May we keep all this in mind as we hold the Church in the Province of the West Indies in our hearts.
[1] Columbus set sail for the “Indies” 530 years ago, on August 3, 1492.
[2] The conflict from 1642 to 1651 was between the Roundheads (Parliamentarians) and the Cavaliers (Royalists). The Cavaliers adopted “Loyalty and Piety” as their slogan with loyalty being expressed through submission to the monarch and piety being expressed in the use of the Book of Common Prayer. England’s first exploits in the Caribbean back in the late 16th century as Sir Walter Raleigh (1552 – 1618) tried converting Indian rulers to the Protestant faith and forming an alliance with them against Catholic Spain. “Protestant England,” Kevin Ward writes, “had no more concern for the souls of the indigenous populations, the Carib and Arawak, than had the Spanish. Indeed, less so: there was no Anglican theologian of the stature of the Dominican Fra Bartolomé de las Casas to defend the native Americans as fully human, though the Elizabethan clergyman Richard Hakluyt, who publicized English exploits across the globe, made use of las Casas in his attack on Spain’s treatment of the American Indians.” Kevin Ward, A History of Global Anglicanism, 83.
[3] Noel Titus, “The Church in the Province of the West Indies” in The Wiley-Blackwell Companion to the Anglican Communion, 517.
[4] “The island legislatures and the parish vestries had considerable powers, not least because they financed the upkeep of the church fabric and paid the stiped of the minister.

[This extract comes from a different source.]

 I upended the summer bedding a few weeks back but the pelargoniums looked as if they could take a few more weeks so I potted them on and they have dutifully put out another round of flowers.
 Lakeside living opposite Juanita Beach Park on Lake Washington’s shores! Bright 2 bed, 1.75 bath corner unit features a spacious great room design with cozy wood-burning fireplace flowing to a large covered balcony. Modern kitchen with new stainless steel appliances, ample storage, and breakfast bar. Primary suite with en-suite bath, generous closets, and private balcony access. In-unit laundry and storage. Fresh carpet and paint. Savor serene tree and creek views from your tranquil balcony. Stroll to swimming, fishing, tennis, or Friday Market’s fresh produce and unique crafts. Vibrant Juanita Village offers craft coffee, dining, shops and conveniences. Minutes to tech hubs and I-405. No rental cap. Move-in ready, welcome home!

Priests were sometimes paid in sugar. They themselves became sugar planters and slave owners. While originating from Britain themselves, they came to reflect the mores and attitudes of the plantocracy.” Ward, History, 85. Also, see A. C. Dayfoot, The Shaping of the West Indian Church 1492 – 1962 (Kingston: University of the West Indies, 1999), 85 – 90.

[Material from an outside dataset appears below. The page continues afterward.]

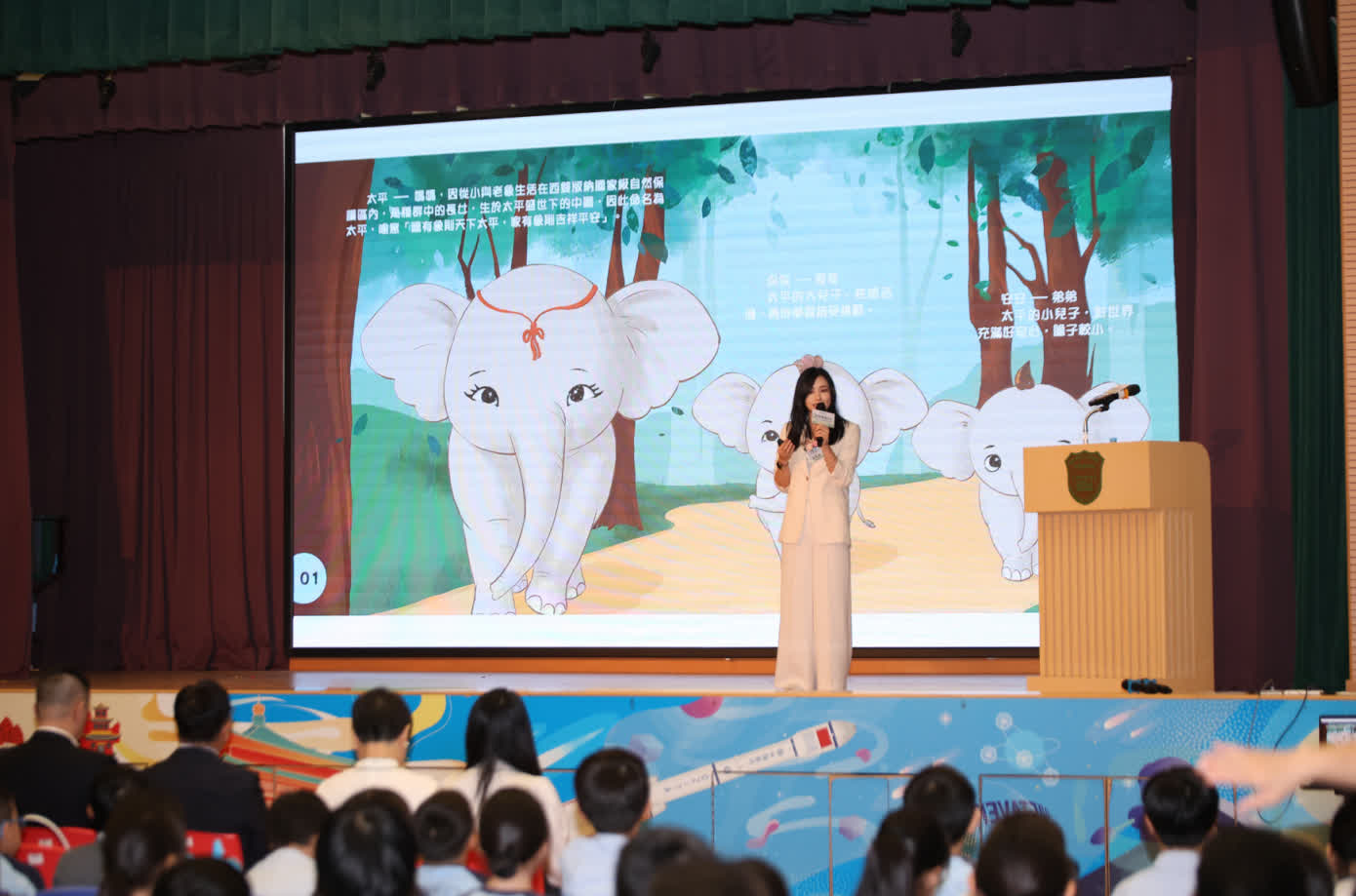 「這一份付出是源自於偉大的祖國母親,無怨無悔地付出,幫助象群安全回家」,繪本作者葉蕙雅昨日分享說,每一個人都有三位母親,包括生母,教會大家知識的母校或老師,「而第三位母親就是偉大的祖國,有賴她提供穩定環境和資源,學生們才能安心在這生活和求學。」她期望學生們都能反思,長大後可如何回饋這片土地,並能體會國家對環境保護和生態環境建設的重視。

[5] One Evangelical abolitionist wrote, “What a frightful mockery is this! A Society holding the Bible in one hand and the cart-whip clotted with blood of the African in the other, with one eye fixed in pious veneration on the Cross, the other on the drooping slave degraded down to the lower animals.” Regulations of 1819, quoted by Leroy Errol Brooks, ‘The Church and the Abolition Movement in the British Caribbean,’ unpublished M. Th. dissertation, Columbia Theological Seminary, 1986, p, 62, as quoted by Ward, History, 87.
[6] http://news.bbc.co.uk/2/hi/uk_news/4694896.stm
[7] The Rev. James Ramsay (1733 – 1789), a Scot from Aberdeenshire who served as a parish priest in St. Kitts, was a vocal abolitionist who became a major influence on William Wilberforce.
[8] Noel Titus, “The Church in the Province of the West Indies” in The Wiley-Blackwell Companion to the Anglican Communion, 519. “In the Caribbean itself, Quakers and Moravians, Baptists and Methodists, were more critical of slavery. They were not so bound up in the slave economy of the British Caribbean islands as the Church of England (though the Methodist missionary Thomas Coke, in his concern to reach planters as well as black slaves, was reluctant to make too much of an issue of it).” Ward, History, 87.